= Leimakhong =

Town in Manipur, India

Leimakhong is a small town in the Kangpokpi district (Note: Prior to 2017 it was in the Sadar Hills region of the Senapati district,) in Manipur, India. It is on Kangpokpi's border with the Imphal West district, approximately 30Km west of the Imphal city. It is on the bank of the Leimakhong River (Note: Sometimes referred to as "Tumu Lairembi" river), a tributary of the Imphal River. The town is inhabited by Kuki, Nepali and Meitei communities. According to the 2011 census, the town had a population of 3544 of which 25 percent are Scheduled Tribes.

Leimakhong contains the headquarters of the 57th Mountain Division of the Indian Army. The military hospital in the divisional headquarters has been often used to treat injured personnel and civilians.

== Villages ==
Some of the villages in Leimakhong are:
- Leimakhong Bazar
- Prem Nagar
- Chingmang
- P moulding
- Khunkho
- Dwarka

== Power generation ==
Leimakhong has the distinction of housing the original power generation capacity of Manipur dating back to 1930. Two micro hydro-electric power stations with capacities of 100 KW and 56 KW were installed here. The original power station was washed way due to a land slide in June 1962.

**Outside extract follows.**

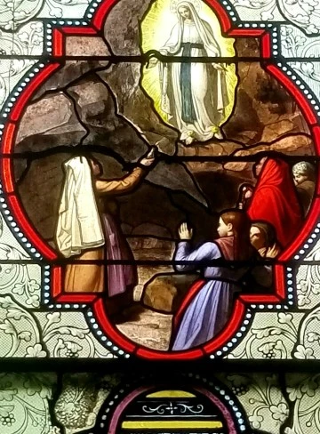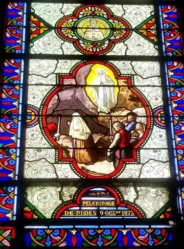 열여덟 차례나 마사비엘 동굴에서 성모님이 발현한 내용은 루르드 대성당 안에 스테인드글라스로 아래와 같이 상세히 표현되어 있습니다.

At present, Leimakhong has a micro hydro-electric power station with a capacity 600 KW and a furnace oil-based (heavy fuel-based) power house with a capacity of 36 MW. The cost of the latter is said to be abnormally high. In addition, there are several diesel power houses on standby for emergency usage.

In January 2024, in the midst of 2023–2024 Manipur violence, the furnace oil from the power station is said to have leaked. It contaminated the Leimakhong river, causing a serious environmental concern.